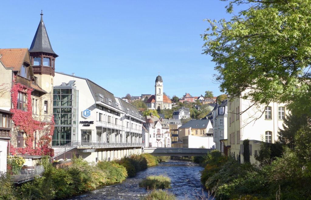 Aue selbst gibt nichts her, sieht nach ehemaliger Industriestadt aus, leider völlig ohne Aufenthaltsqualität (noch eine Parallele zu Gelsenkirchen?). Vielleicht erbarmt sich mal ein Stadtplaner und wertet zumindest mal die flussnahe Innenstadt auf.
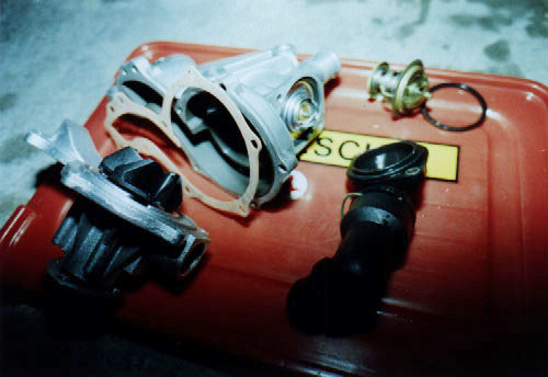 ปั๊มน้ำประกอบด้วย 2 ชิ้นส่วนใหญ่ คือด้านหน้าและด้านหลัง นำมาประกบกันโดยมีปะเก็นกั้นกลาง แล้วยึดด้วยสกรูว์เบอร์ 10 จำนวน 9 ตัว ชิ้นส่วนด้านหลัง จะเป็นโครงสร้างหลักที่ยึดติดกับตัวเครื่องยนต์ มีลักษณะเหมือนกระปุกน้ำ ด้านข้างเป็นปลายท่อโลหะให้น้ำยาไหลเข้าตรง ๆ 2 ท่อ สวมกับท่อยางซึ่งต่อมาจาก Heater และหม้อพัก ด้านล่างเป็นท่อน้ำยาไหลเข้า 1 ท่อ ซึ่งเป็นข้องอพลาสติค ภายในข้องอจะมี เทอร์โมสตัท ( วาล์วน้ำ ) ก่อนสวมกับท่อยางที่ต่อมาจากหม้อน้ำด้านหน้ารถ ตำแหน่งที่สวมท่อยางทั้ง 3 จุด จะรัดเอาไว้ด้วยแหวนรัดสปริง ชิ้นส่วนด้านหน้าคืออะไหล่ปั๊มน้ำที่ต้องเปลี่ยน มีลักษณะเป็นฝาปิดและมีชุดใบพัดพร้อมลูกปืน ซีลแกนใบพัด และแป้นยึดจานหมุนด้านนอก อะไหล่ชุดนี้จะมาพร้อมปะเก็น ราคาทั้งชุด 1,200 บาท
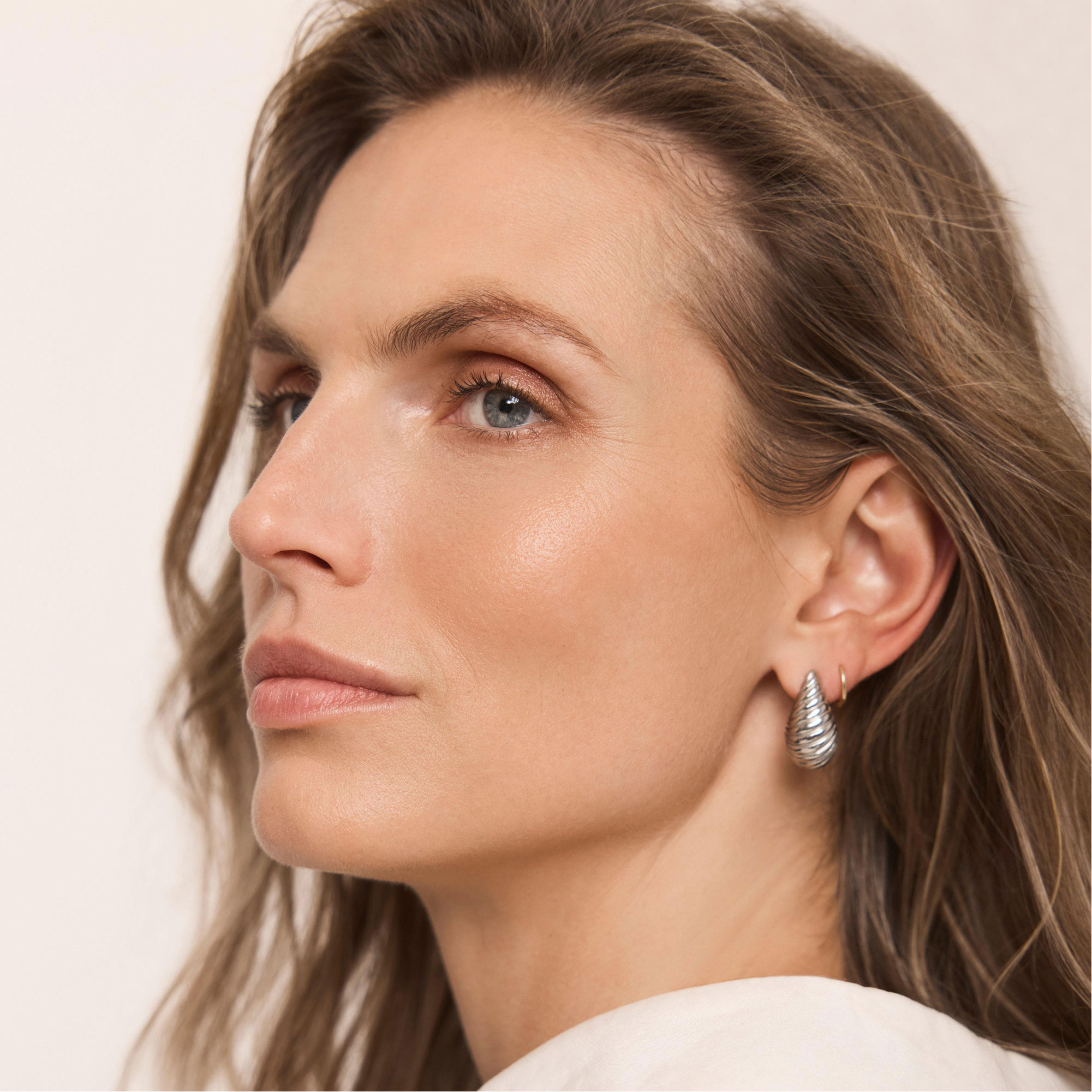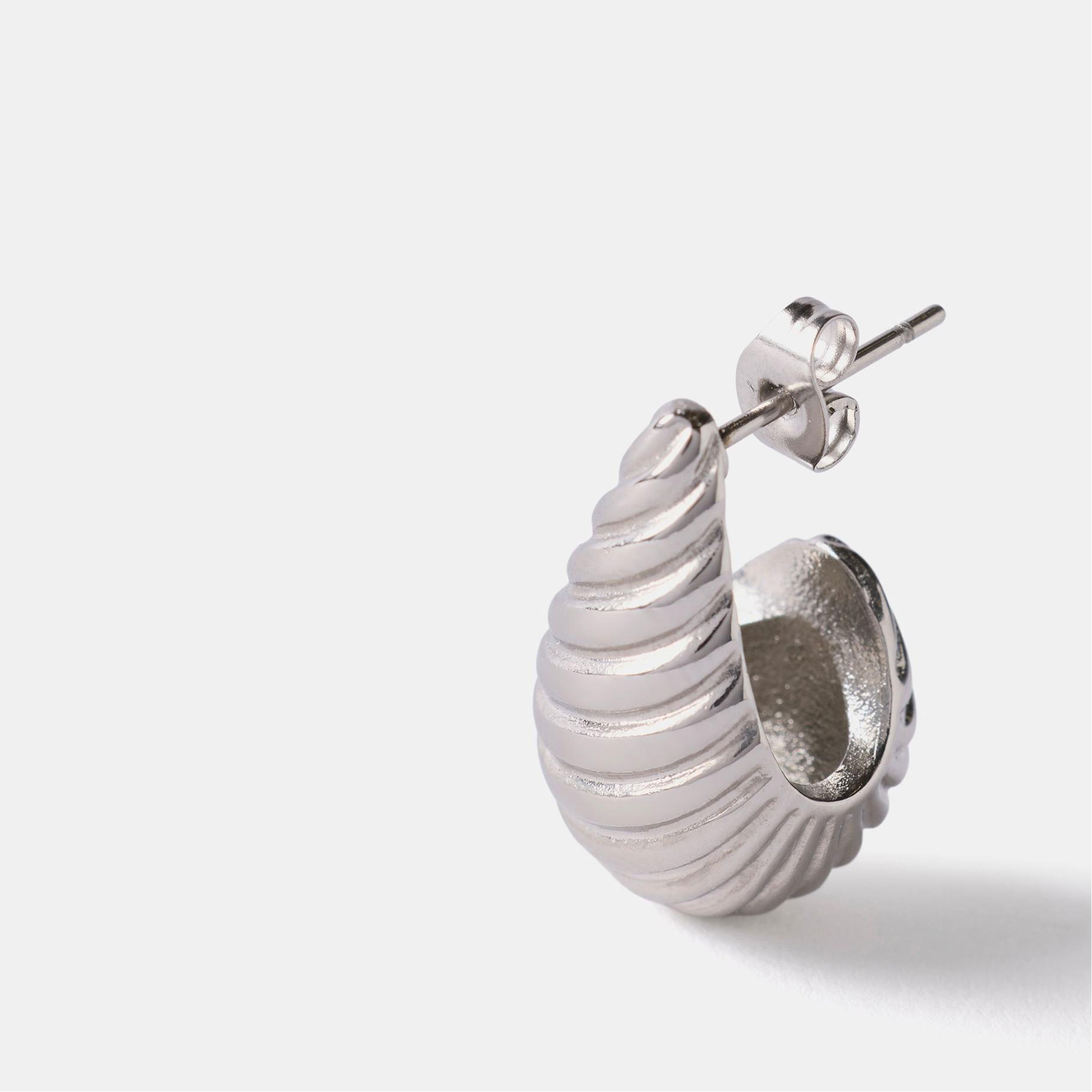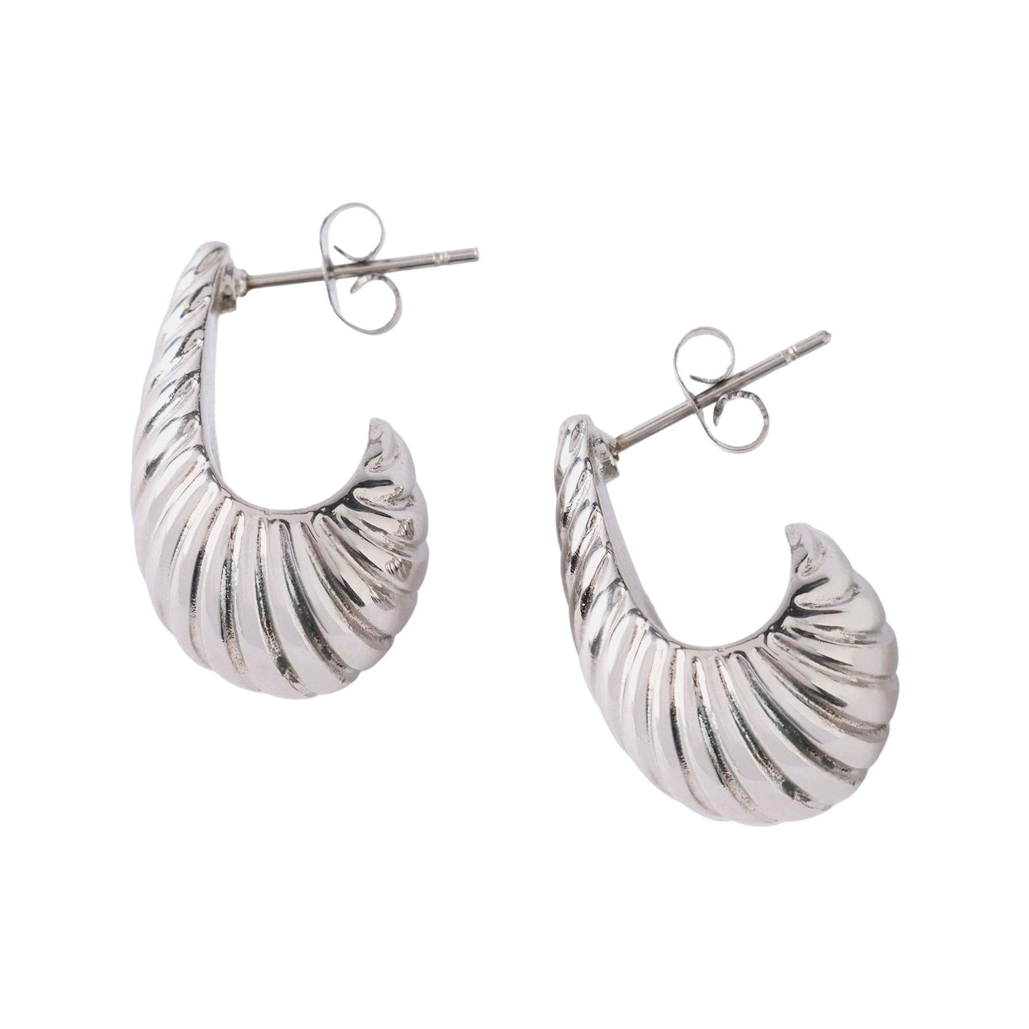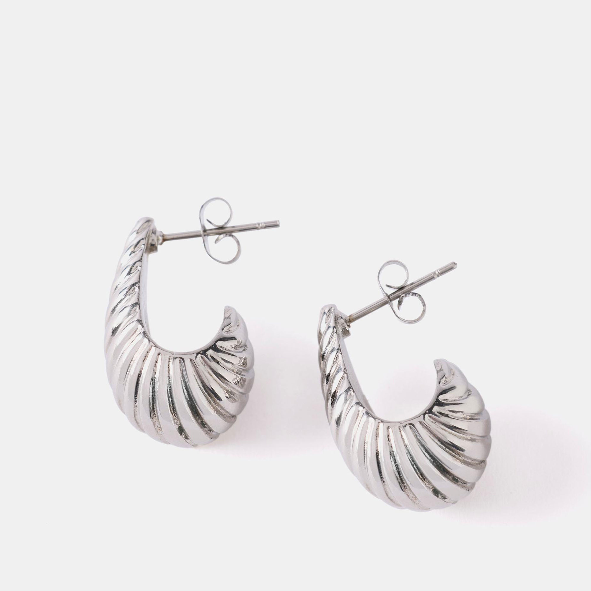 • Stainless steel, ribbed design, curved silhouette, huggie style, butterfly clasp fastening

### Exercise brief
Repeat the listing exactly; do not print any picture.

### Written solution
 Aue selbst gibt nichts her, sieht nach ehemaliger Industriestadt aus, leider völlig ohne Aufenthaltsqualität (noch eine Parallele zu Gelsenkirchen?). Vielleicht erbarmt sich mal ein Stadtplaner und wertet zumindest mal die flussnahe Innenstadt auf.
 ปั๊มน้ำประกอบด้วย 2 ชิ้นส่วนใหญ่ คือด้านหน้าและด้านหลัง นำมาประกบกันโดยมีปะเก็นกั้นกลาง แล้วยึดด้วยสกรูว์เบอร์ 10 จำนวน 9 ตัว ชิ้นส่วนด้านหลัง จะเป็นโครงสร้างหลักที่ยึดติดกับตัวเครื่องยนต์ มีลักษณะเหมือนกระปุกน้ำ ด้านข้างเป็นปลายท่อโลหะให้น้ำยาไหลเข้าตรง ๆ 2 ท่อ สวมกับท่อยางซึ่งต่อมาจาก Heater และหม้อพัก ด้านล่างเป็นท่อน้ำยาไหลเข้า 1 ท่อ ซึ่งเป็นข้องอพลาสติค ภายในข้องอจะมี เทอร์โมสตัท ( วาล์วน้ำ ) ก่อนสวมกับท่อยางที่ต่อมาจากหม้อน้ำด้านหน้ารถ ตำแหน่งที่สวมท่อยางทั้ง 3 จุด จะรัดเอาไว้ด้วยแหวนรัดสปริง ชิ้นส่วนด้านหน้าคืออะไหล่ปั๊มน้ำที่ต้องเปลี่ยน มีลักษณะเป็นฝาปิดและมีชุดใบพัดพร้อมลูกปืน ซีลแกนใบพัด และแป้นยึดจานหมุนด้านนอก อะไหล่ชุดนี้จะมาพร้อมปะเก็น ราคาทั้งชุด 1,200 บาท
 • Stainless steel, ribbed design, curved silhouette, huggie style, butterfly clasp fastening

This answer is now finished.